[Items from a dataset]
____

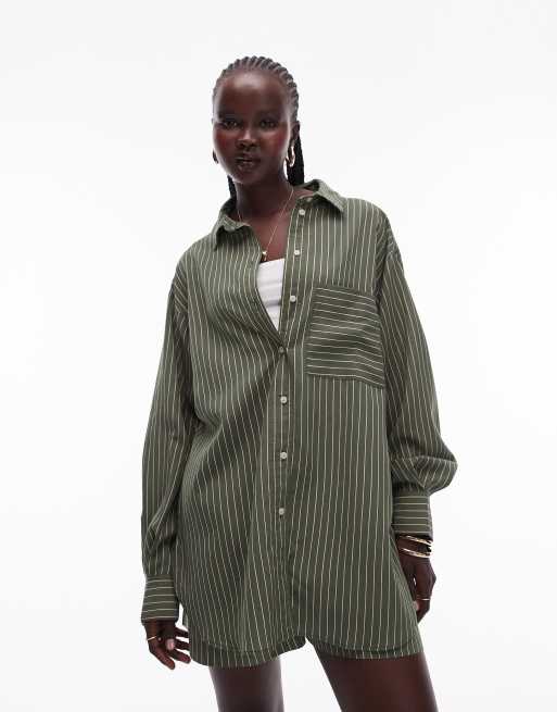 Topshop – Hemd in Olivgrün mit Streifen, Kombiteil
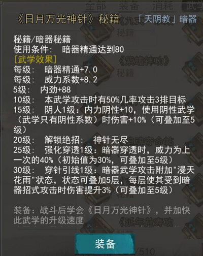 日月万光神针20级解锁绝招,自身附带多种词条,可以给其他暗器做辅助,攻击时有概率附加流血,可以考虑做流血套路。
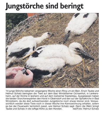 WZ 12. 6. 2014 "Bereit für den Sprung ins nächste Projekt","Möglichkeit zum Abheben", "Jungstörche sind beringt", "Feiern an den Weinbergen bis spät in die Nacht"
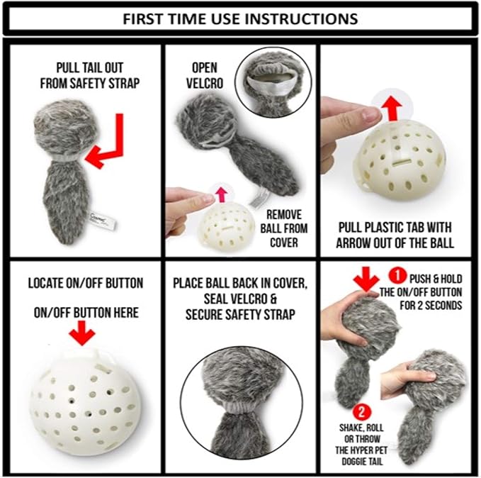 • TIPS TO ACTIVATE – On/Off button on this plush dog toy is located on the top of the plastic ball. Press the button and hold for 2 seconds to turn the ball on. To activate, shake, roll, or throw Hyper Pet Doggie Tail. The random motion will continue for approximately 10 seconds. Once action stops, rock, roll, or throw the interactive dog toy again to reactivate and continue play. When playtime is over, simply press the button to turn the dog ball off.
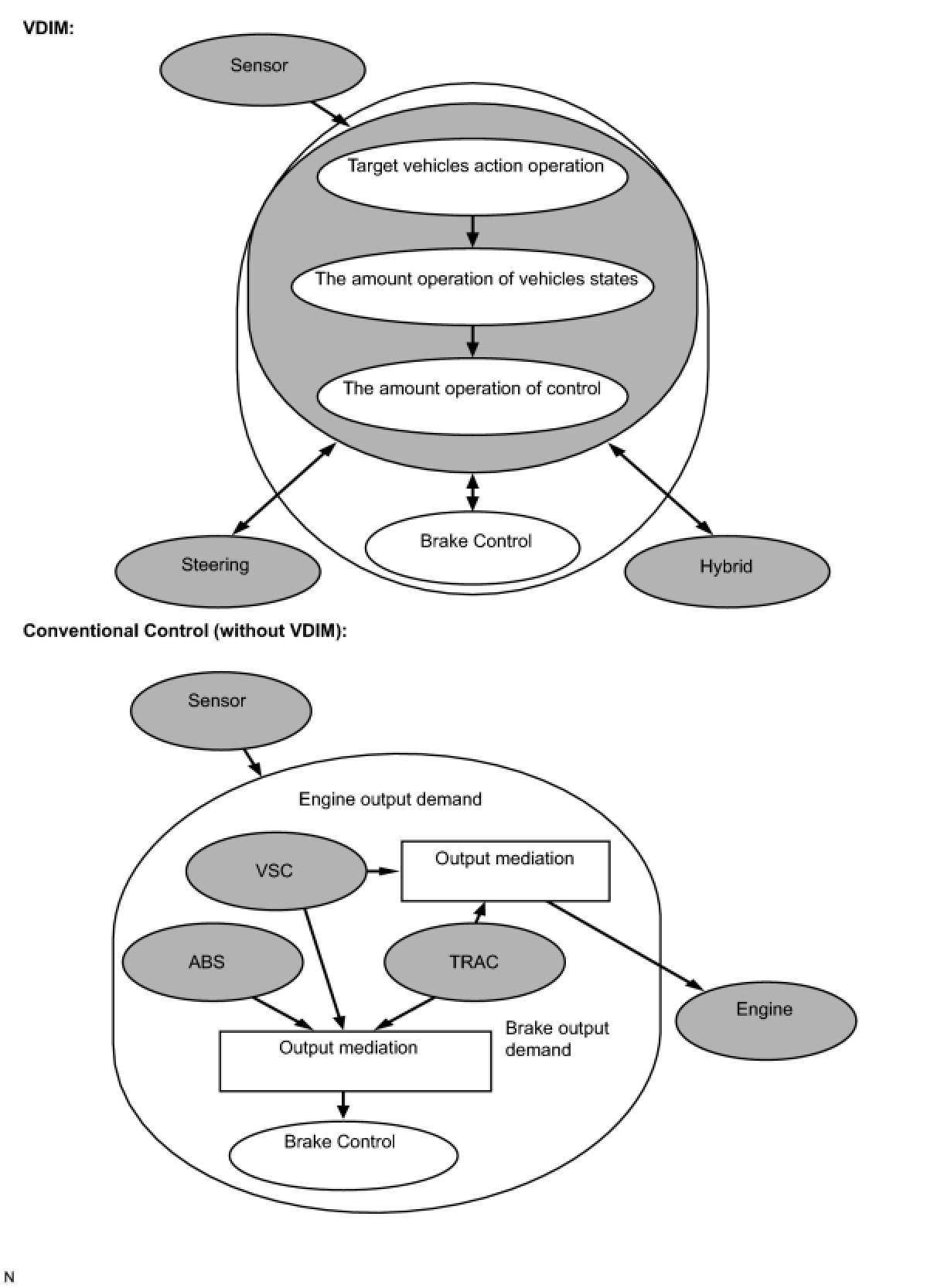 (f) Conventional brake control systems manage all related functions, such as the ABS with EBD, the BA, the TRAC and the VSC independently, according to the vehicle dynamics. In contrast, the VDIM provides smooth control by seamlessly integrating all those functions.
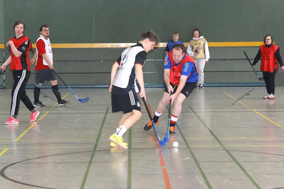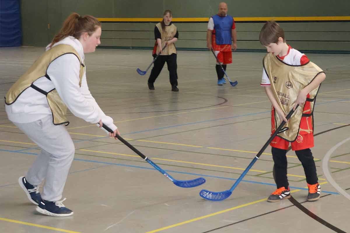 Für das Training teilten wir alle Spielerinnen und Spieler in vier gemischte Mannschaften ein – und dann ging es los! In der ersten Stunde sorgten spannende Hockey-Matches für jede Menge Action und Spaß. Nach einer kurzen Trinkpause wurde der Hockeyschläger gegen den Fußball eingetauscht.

____

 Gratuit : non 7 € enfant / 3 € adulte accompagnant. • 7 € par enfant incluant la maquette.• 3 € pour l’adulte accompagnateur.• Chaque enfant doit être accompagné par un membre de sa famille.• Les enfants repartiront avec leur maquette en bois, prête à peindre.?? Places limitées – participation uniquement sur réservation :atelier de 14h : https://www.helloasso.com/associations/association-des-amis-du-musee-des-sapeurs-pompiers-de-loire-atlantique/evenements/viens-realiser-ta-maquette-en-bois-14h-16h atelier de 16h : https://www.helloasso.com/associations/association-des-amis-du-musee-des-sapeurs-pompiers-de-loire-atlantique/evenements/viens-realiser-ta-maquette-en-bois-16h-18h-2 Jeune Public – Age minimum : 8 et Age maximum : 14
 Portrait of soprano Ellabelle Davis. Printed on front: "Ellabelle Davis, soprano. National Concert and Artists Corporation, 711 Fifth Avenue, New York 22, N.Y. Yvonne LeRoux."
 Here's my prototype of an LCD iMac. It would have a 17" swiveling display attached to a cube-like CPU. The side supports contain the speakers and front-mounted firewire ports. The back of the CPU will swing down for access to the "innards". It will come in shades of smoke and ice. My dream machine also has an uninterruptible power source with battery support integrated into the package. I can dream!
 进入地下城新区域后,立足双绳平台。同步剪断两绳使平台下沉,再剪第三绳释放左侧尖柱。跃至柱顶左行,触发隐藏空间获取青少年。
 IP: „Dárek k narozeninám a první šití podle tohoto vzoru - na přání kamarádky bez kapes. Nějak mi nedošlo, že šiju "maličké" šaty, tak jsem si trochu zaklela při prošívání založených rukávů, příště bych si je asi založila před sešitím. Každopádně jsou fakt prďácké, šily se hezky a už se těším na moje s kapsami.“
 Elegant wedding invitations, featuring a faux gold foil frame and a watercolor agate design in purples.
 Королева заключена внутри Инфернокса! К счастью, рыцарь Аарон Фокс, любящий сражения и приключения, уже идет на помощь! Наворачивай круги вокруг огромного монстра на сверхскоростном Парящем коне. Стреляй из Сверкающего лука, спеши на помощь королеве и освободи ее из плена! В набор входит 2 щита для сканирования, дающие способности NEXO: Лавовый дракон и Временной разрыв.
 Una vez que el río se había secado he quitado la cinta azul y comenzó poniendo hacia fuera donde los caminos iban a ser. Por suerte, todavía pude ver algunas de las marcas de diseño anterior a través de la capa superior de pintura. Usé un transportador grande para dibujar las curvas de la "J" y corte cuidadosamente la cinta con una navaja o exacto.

____

Task goal =>
Nothing except the lines from the one containing "Topshop – Hemd" through the one containing "(f) Conventional brake" should appear in the answer, exactly as above and without pictures.

Output =>
 Topshop – Hemd in Olivgrün mit Streifen, Kombiteil
 日月万光神针20级解锁绝招,自身附带多种词条,可以给其他暗器做辅助,攻击时有概率附加流血,可以考虑做流血套路。
 WZ 12. 6. 2014 "Bereit für den Sprung ins nächste Projekt","Möglichkeit zum Abheben", "Jungstörche sind beringt", "Feiern an den Weinbergen bis spät in die Nacht"
 • TIPS TO ACTIVATE – On/Off button on this plush dog toy is located on the top of the plastic ball. Press the button and hold for 2 seconds to turn the ball on. To activate, shake, roll, or throw Hyper Pet Doggie Tail. The random motion will continue for approximately 10 seconds. Once action stops, rock, roll, or throw the interactive dog toy again to reactivate and continue play. When playtime is over, simply press the button to turn the dog ball off.
 (f) Conventional brake control systems manage all related functions, such as the ABS with EBD, the BA, the TRAC and the VSC independently, according to the vehicle dynamics. In contrast, the VDIM provides smooth control by seamlessly integrating all those functions.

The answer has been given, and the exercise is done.